22 January 2009

Another Wingnut New Deal Myth Busted

I am not talking here about the delusional ramblings of people like wingnut welfare recipient* Amity Shlaes, who suggests that capitalists put their money in their mattresses in Atlas Shrugged style in 1937 because of the "uncertainties" that FDR produced.

After all, that one has been debunked by a legion of economist including right wing darling Milton Friedman, with the only dispute being to what degree the cause was fiscal tightening in 1937 by FDR (Keynesian) or monetary tightening by the Fed (Chicago School).

Instead, I am talking about the suggestions by the Chicago School boys that the New Deal did little or nothing to fix unemployment.

As economist James Galbraith so ably notes, the people who want to show this do so by not counting employed people.

Actually, it's more than that, it's by counting the employed as unemployed.

He starts out with the figures must usually used by neoliberal economists, in which Stanley Lebergott seems to show that the 1937 recession returned unemployment to nearly its prior level.

It seems to be a damning indictment of the new deal, except, as Michael R. Darby noted in 1976, 3½ million employed individuals are not being counted in this graph.

As Lebergott notes in his own footnotes, the people on "Emergency Employment," things like the WPA and NRA (not the gun lobby) projects are simply not counted, because that is how the BLS counted employment in the 1930s.

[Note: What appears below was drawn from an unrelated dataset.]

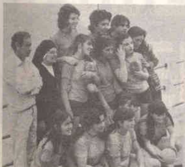
Andebol Desporto no feminino pág. 37

What's more, not only are they not counted, they are counted as unemployed, which paints a very different picture, with the dashed line showing the unemployment numbers.

The critics of FDR are figuring unemployment numbers by using employment data ex-employment data.

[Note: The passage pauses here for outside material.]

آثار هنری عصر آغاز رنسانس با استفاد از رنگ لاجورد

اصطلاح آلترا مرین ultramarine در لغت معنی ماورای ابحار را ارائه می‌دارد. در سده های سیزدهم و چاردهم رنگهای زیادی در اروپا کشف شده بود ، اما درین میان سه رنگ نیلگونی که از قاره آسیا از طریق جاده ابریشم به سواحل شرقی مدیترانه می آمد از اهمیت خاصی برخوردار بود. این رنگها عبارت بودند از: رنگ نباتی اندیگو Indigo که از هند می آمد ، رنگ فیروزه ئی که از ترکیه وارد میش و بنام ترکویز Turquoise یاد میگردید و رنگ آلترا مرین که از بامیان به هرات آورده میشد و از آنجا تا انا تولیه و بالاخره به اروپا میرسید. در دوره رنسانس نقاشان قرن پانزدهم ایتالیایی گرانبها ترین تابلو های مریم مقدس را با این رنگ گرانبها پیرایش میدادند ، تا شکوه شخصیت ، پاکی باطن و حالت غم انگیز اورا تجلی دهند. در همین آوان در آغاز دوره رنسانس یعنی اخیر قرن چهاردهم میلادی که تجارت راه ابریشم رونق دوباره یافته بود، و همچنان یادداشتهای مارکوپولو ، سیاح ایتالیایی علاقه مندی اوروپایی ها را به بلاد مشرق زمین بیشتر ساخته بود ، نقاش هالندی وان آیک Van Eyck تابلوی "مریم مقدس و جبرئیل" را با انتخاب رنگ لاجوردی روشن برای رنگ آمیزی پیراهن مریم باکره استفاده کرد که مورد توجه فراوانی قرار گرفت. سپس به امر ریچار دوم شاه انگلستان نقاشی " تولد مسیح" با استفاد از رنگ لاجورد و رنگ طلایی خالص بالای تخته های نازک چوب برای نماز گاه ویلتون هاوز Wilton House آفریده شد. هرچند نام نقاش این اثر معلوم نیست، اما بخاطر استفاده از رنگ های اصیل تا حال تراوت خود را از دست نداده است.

While there may be a case, though I would disagree, that these people should be dropped from the employment rolls for counting purpose, as active duty military were until 1982, when they were added to artificially keep the unemployment rate below 10% by Ronald Reagan's BLS.

It turns out that if you take their argument, which is that government employment isn't real, and that private sector is what matters, you get a picture which an even more drastic drop in unemployment during the New Deal, in part because private sector unemployment did not peak at 25%, but because it peaked at 30%. (!)

So, now that we have dealt with that shibboleth, I actually found another interesting bit of information, from a handy chart of GDP and federal spending from 1930 to 1984, which allows me to do this GDP chart in both absolute and real (inflation adjusted) terms using CPI data available online.

It shows a fairly blistering decent growth rate in 1934, with blistering double digit growth in 1935 and 1936, and in 1937, the economy, in real terms, finally passes the 1930 economy, as opposed to 1941 in absolute terms.

This gives us an insight as to why Roosevelt listened to his Treasury Secretary, and cut spending: he thought, or at least his gut was telling him, that the economy had grown beyond the level of 1930.

*She graduated with a degree in English from Yale's Jonathan Edwards College, never, as near as I can determine, has published anything on economics in a peer reviewed setting, and yet she is a senior fellow in economic history at the Council on Foreign Relations.
Ivy League Welfare too, I guess.
The fact that her rise to prominence followed her 1988 marriage to right wing luminary "journalist" Seth Lipsky, former editor-in-chief and president of the faux "newspaper" the New York Sun seems to indicate that nepotism is involved, but compared to Bill Kristol, who would be flipping burgers but for who his father was, it's a minor example.§
§Why doesn't the left support its ideological foot soldiers in the same way?

2 comments :

noez1 said...

Thank you for standing up for FDR and showing the true data and not the bullshit that others profess. I've proudly displayed your data when arguing with conservatives on YouTube, who are always trying to say that the new deal was a failure. I must admit i'm dumb when it comes to economics, so maybe you could explain to me how government soending on new deal jobs has been included in real gdp and how that works, because I've been arguing with some guy who tries to say the new deal spending was more bad than good. Thanx again for giving me some real ammo!

Matthew G. Saroff said...

It won't matter.  They will continue to insuist that the moon is made from green cheese.